Source data:

:::

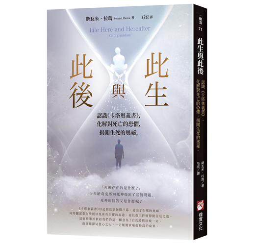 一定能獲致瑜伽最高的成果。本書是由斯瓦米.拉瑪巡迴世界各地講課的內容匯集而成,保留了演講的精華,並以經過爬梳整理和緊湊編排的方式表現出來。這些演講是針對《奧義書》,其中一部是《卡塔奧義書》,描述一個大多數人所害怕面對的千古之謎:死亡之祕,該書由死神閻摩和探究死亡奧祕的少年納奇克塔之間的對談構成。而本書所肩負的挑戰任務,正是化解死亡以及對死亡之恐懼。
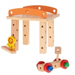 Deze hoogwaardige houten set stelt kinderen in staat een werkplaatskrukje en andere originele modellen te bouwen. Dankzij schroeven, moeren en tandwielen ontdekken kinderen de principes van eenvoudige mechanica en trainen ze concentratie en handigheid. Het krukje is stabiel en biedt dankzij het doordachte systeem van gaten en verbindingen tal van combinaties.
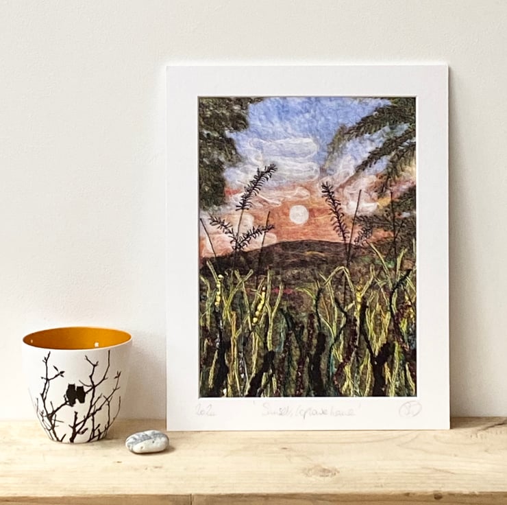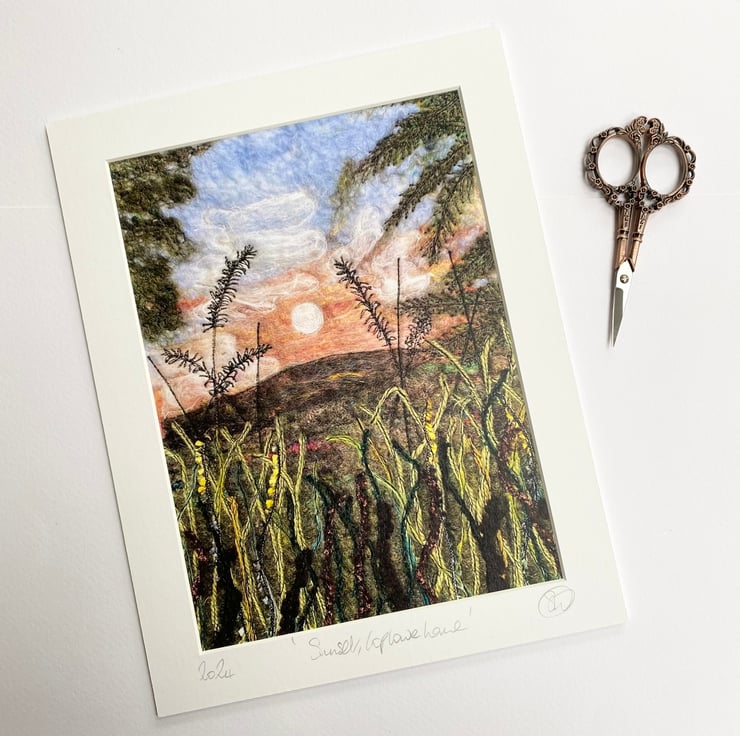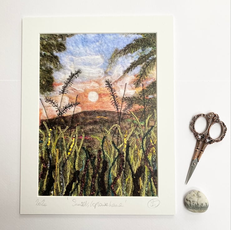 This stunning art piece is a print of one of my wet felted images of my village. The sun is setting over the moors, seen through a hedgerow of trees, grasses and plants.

:::

Work request:
Retype the data above exactly; pictures are not part of the copy.

Reply to the task:
 一定能獲致瑜伽最高的成果。本書是由斯瓦米.拉瑪巡迴世界各地講課的內容匯集而成,保留了演講的精華,並以經過爬梳整理和緊湊編排的方式表現出來。這些演講是針對《奧義書》,其中一部是《卡塔奧義書》,描述一個大多數人所害怕面對的千古之謎:死亡之祕,該書由死神閻摩和探究死亡奧祕的少年納奇克塔之間的對談構成。而本書所肩負的挑戰任務,正是化解死亡以及對死亡之恐懼。
 Deze hoogwaardige houten set stelt kinderen in staat een werkplaatskrukje en andere originele modellen te bouwen. Dankzij schroeven, moeren en tandwielen ontdekken kinderen de principes van eenvoudige mechanica en trainen ze concentratie en handigheid. Het krukje is stabiel en biedt dankzij het doordachte systeem van gaten en verbindingen tal van combinaties.
 This stunning art piece is a print of one of my wet felted images of my village. The sun is setting over the moors, seen through a hedgerow of trees, grasses and plants.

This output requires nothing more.